# Computer Hardware Prices will increase 5% by Year’s End



## ramandeepsingh (Aug 3, 2010)

While Indian Govt’s efforts to  decreasing IT Hardware prices by launching World’s Cheapest 35$ Price Tablet , Computer Hardware Prices will increase  5% by Year 2010 end. The reason behind price increase is increased  demand of Laptop & Desktop PCs and shortage of Hardware. Some  chinese companies also planning to increase prices soon.
 According to the report published at The Financial Express , Acer, expecting IT  hardware prices in India to  go up by about 5% by the end of the year. The reasons are the back of  rupee depreciation and big shortage of hardware. Consumer’s Increased   demand for notebooks and desktops will create this shortage. The firm   has been expecting big increase in demand from big companies as  well as  SMB enterprises in the India.
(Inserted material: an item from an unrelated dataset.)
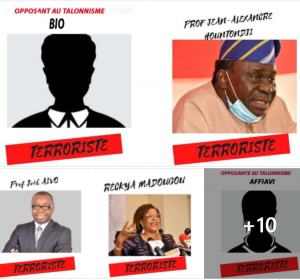 L’invention des TERRORITES est née de la volonté manifeste du TALONNISME AUTORITAIRE de fuir une 3e fois LE DÉBAT DÉMOCRATIQUE AU SUJET DE SON BILAN DANS LES URNES. IL a préféré s’imposer par la force et une brutalité inouïes. En réalité, ceux que le TALONNISME nomme aujourd’hui TERRORISTES sont LES OPPOSANTS qui ont eu le courage de le regarder en face et de lui dire « NON ». CES DERNIERS SONT NOS HÉROS. ILS PORTENT INCONTESTABLEMENT AUJOURD’HUI LE FLAMBEAU DES DÉMOCRATES BÉNINOIS QUI ONT DÉCIDÉ QUE LE BÉNIN NE SOIT PAS LA PROPRIÉTÉ PRIVÉE D’UN CLAN QUI DÉCIDE DE TOUT AU NOM DE TOUS, des privilégiés qui pour un oui ou un non envoient les béninois au gnouf. NOUS DEVONS CÉLÉBRER LA BRAVOURE, LE PATRIOTISME ET LE LEADERSHIP POLITIQUE DE NOS HÉROS CHAQUE JOUR QUE DIEU FAIT. C’est ainsi, qu’à coup sûr, LA LUTTE POUR UN BÉNIN LIBRE ET DÉMOCRATIQUE DANS LEQUEL LA PLACE DES OPPOSANTS POLITIQUES N’EST PAS LA PRISON,TRIOMPHERA.

Read More

Source: Computer Hardware Prices will increase 5% by Year’s End | STARBYTE COMPUTERS Blog


----------



## Faun (Aug 3, 2010)

original source...lol


----------



## azzu (Aug 3, 2010)

spam 
i guess


----------



## ramandeepsingh (Aug 3, 2010)

@ichi
All the sources are mentioned in the article.

@ azzu
How can you say this is spam? Describe...


----------



## ico (Aug 4, 2010)

I'm letting this remain.


----------



## azzu (Aug 4, 2010)

ramandeepsingh said:


> @ichi
> All the sources are mentioned in the article.
> 
> @ azzu
> How can you say this is spam? Describe...


Coz 
on ur first post u make thread With Lotta links and a Source with ur website,,,

Though Checked ur blog Nice neat Articles u have written


----------



## robotdeep (Aug 4, 2010)

Guys this is confirmly a fake news. Do visit the URL mentioned in the article and you can see the person who posted this article & the site owner are same. Also you can contact this guy for a better SEO who can able to manage around 97 social bookmarks for his site. 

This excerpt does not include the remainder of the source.